Sedangkan bagi perkebunan sawit yang tidak memiliki IUP atau tidak sesuai dengan RTRW, akan diproses menggunakan Pasal 110B UU Cipta Kerja. Meski begitu nasib keberlanjutan kegiatan usaha akan ditentukan menurut jenis fungsi kawasan hutan di mana kegiatan usaha terbangun.

Progres "Pengampunan" Menggunakan Pasal 110A

Sejauh ini, dalam pelaksanaan penyelesaian kegiatan usaha ilegal dalam kawasan hutan menggunakan Pasal 110A, sejumlah perusahaan telah mendapatkan "pengampunan" dari KLHK, berupa penerbitan surat keputusan (SK) penetapan batas areal pelepasan kawasan hutan.

Dalam paparannya, KLHK menyebut sudah ada 24 unit perusahaan yang telah mendapatkan pelepasan kawasan hutan seluas 87.275,93 hektare, yakni 21 unit berada di Kalimantan Tengah, 2 unit berada di Kalimantan Selatan dan 1 unit di Kalimantan Timur.

Selain 24 perusahaan yang telah mendapatkan "pengampunan", KLHK juga tengah melakukan proses verifikasi terhadap 6 subjek hukum dengan luas 6.751,16 hektare.
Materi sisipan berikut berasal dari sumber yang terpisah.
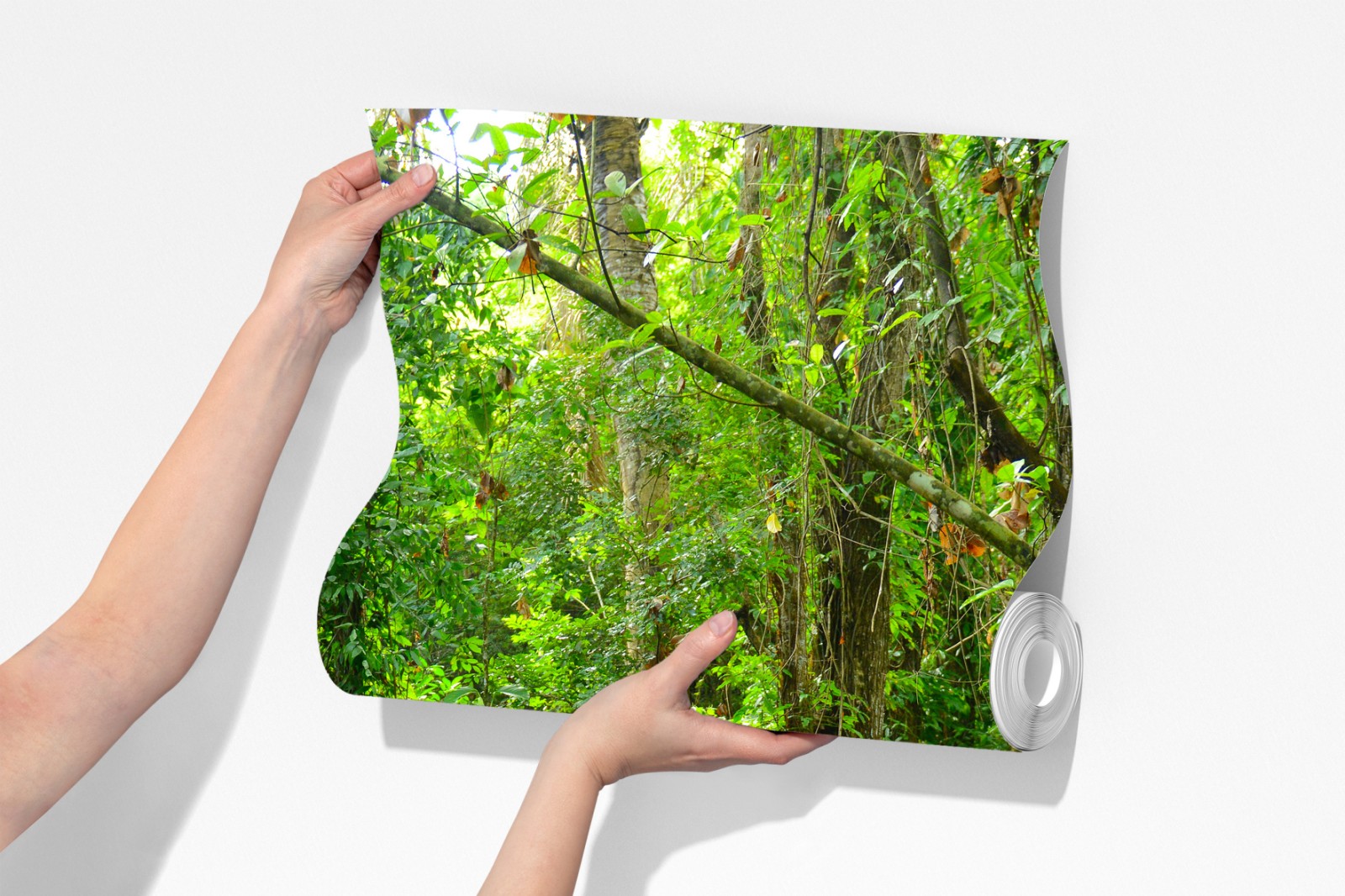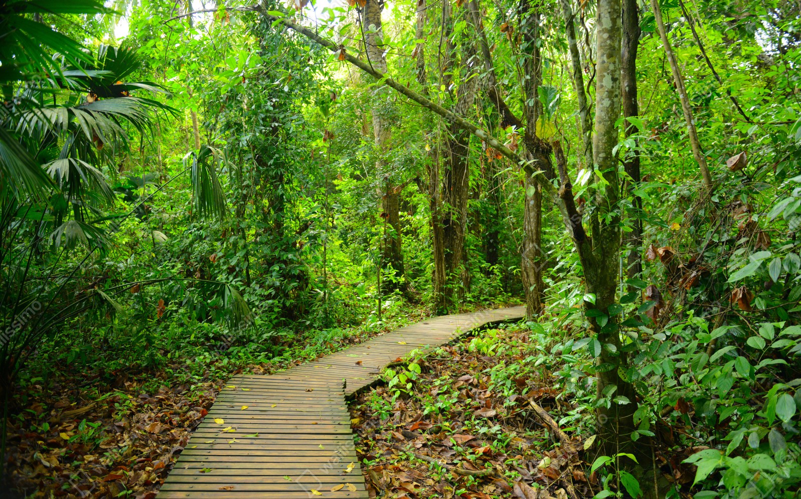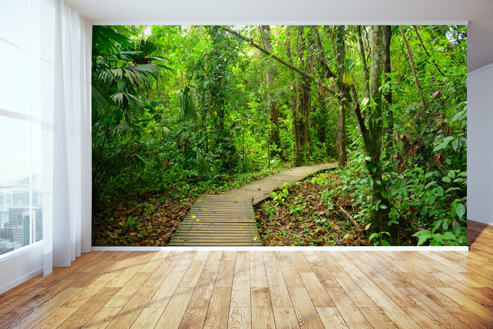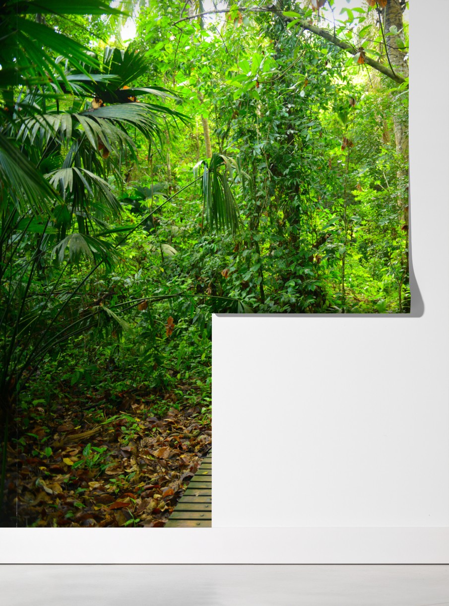 Bringen Sie die beruhigende Atmosphäre eines tropischen Regenwaldes in Ihr Zuhause mit dieser üppigen Stegszene.

Dari 6 subjek hukum ini, 4 di antaranya telah selesai diverifikasi dan telah dihitung besaran PSDH-DR yang dikenakan.

Kemudian, KLHK juga telah menerima permohonan proses pelengkapan persyaratan perubahan peruntukan hutan yang disodorkan oleh 19 subjek hukum dengan total luas 60.212,25 hektare. 19 subjek hukum ini seluruhnya merupakan korporasi perkebunan sawit, yang berada di Kalimantan Tengah, Kalimantan Selatan dan Kalimantan Timur.
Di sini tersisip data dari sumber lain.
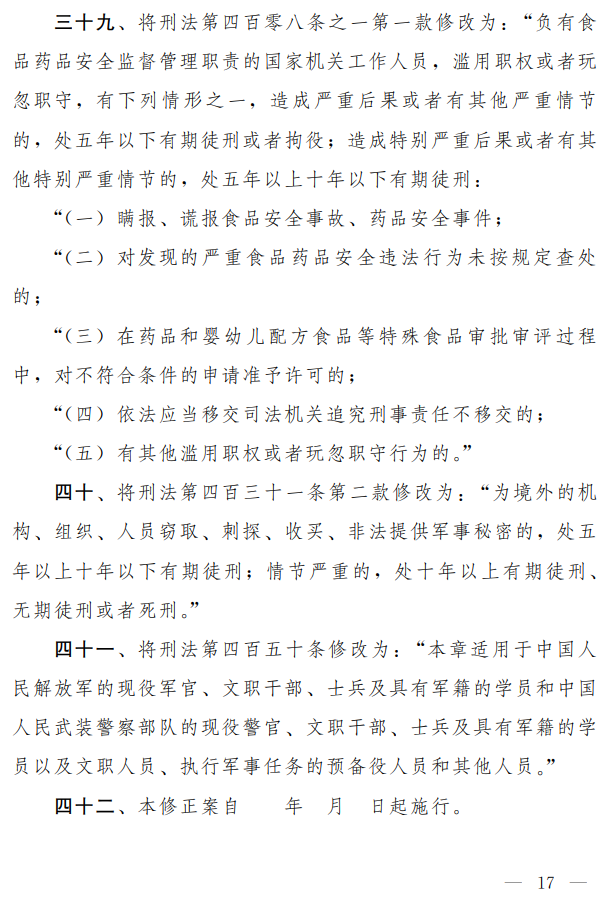 從二次審議稿內(nèi)容來(lái)看, 關(guān)于食品藥品監(jiān)管瀆職罪的規(guī)定與今年7月份的發(fā)布的草案相比 ,有了重大變化,取消了“未及時(shí)發(fā)現(xiàn)監(jiān)督管理區(qū)域內(nèi)重大食品藥品安全隱患的“的規(guī)定。草案內(nèi)容具體如下:
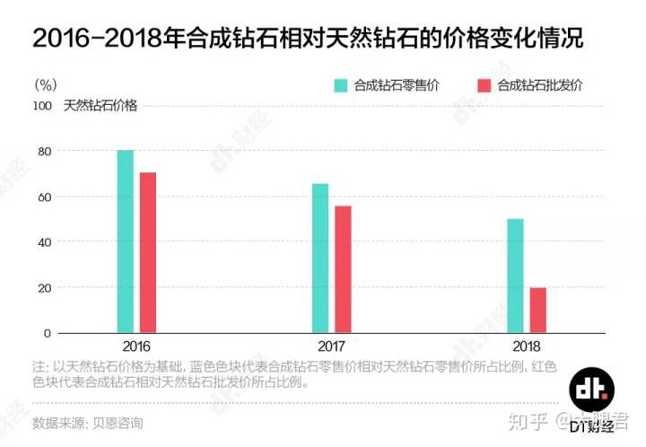 中国公司每年会生产约百亿克拉用于工业领域的钻石,但进入珠宝行业的人工钻石每年仅有几百万克拉。也许是因为工业钻石的利润并不高,中国公司们卯足劲提高技术,希望将触手伸向珠宝钻的地盘。效果也很惊人,根据贝恩咨询的数据,近两年,人工钻石的零售价和批发价都在快速下降。到2018年,人工合成钻石的零售价仅为天然钻石的一半,而批发价更是低至天然钻石的20%。
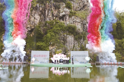 仪式高潮处,葛洪丹谷文旅图正式发布,“三山三水一客厅”联动推介方案同步揭晓,现场掌声不断。在尚香合唱团《富春》的歌声中,区领导与嘉宾共同按下开园启动键,五彩云烟伴着欢呼声在山谷间散开——崤山小叠空正式开门迎客,胥口镇金秋文旅嘉年华也由此进入“狂欢时间”。
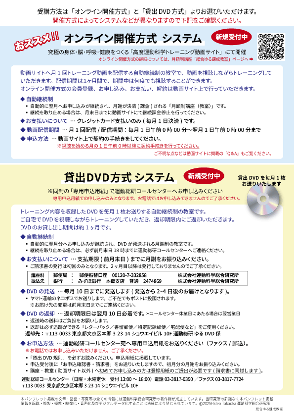 お申し込み方法 | 究極の身体・脳・呼吸・健康をつくる 高度運動科学トレーニング動画サイト上でのお申し込みとなります。 月額制講座「総合ゆる錬成教室」のお申し込みは こちらから >> |

Dalam paparannya, terhadap kegiatan terbangun sebelum UUCK yang berproses PP 104 Tahun 2015 dan diproses selanjutnya dengan Pasal 110A dan PP 24 Tahun 2021, KLHK mengklaim telah melakukan penyelesaian sebanyak 57 subyek hukum, dengan pembayaran PSDH DR dengan total senilai Rp17.827.661.820 dan USD8.848.988,214 (total Rp141.713.496.816,--asumsi 1USD = Rp14.000).

"Jadi 110A ini telah berjalan dan bergulir terus untuk semua subjek hukum untuk diverifikasi untuk dikenakan PSDH DR baru dia dapat SK pelepasan," terang Bambang.